Twice a week, our CEO and resident money guru Jean Chatzky tackles your burning questions in the HerMoney newsletter. We’ve pulled some of the best to feature on our website — and this one made the cut! Got a question for Jean? Send it her way right here.
Q: Today’s question comes from Elizabeth. She writes: “What’s a CD ladder?”
A: A CD ladder is an investment strategy. Here’s how it works – you take a sum of money and then, divide it into multiple certificates of deposit (CDs), which have staggered maturity dates.
For example, say you have $10,000 to invest. Instead of putting the whole amount into one 5-year CD, you might break it down into five CDs that have maturities of 1, 2, 3, 4 and 5 years.

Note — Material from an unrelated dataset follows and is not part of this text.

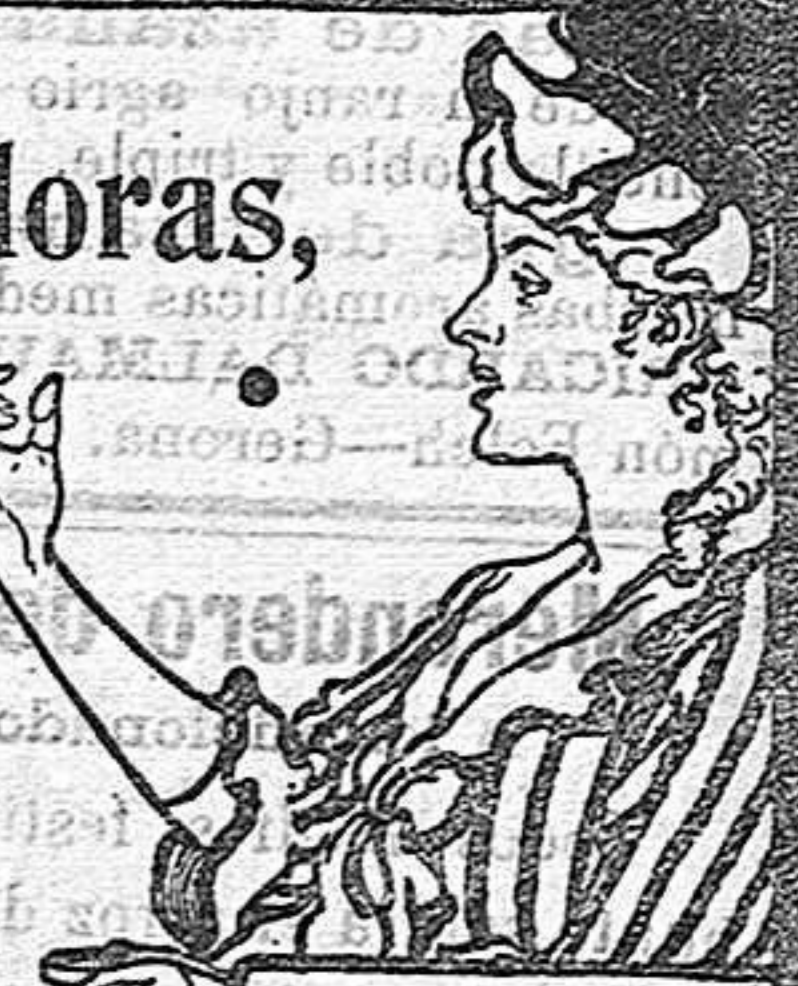
Acerque el grabado a los ojos y verá Vd. la píldora entrar en la boca.

DE VENTA EN LAS BOTICAS DEL MUNDO ENTERO. 40 Píldoras en Caja.

When each CD reaches maturity, you can invest it into a new, 5-year CD to keep the ladder going or use the funds for another purpose.
Fans of CD ladders like the strategy for a number of reasons, one of them being that you’ll have pretty easy access to your funds as the CDs mature on a rolling basis. They also allow you to grab rising interest rates over time, if we’re in a period where they’re headed up. Or, hold onto them longer if they’re going in the other direction. If you’re a conservative investor or new to investing altogether, CDs can be a good option as they are low-risk and typically FDIC-insured.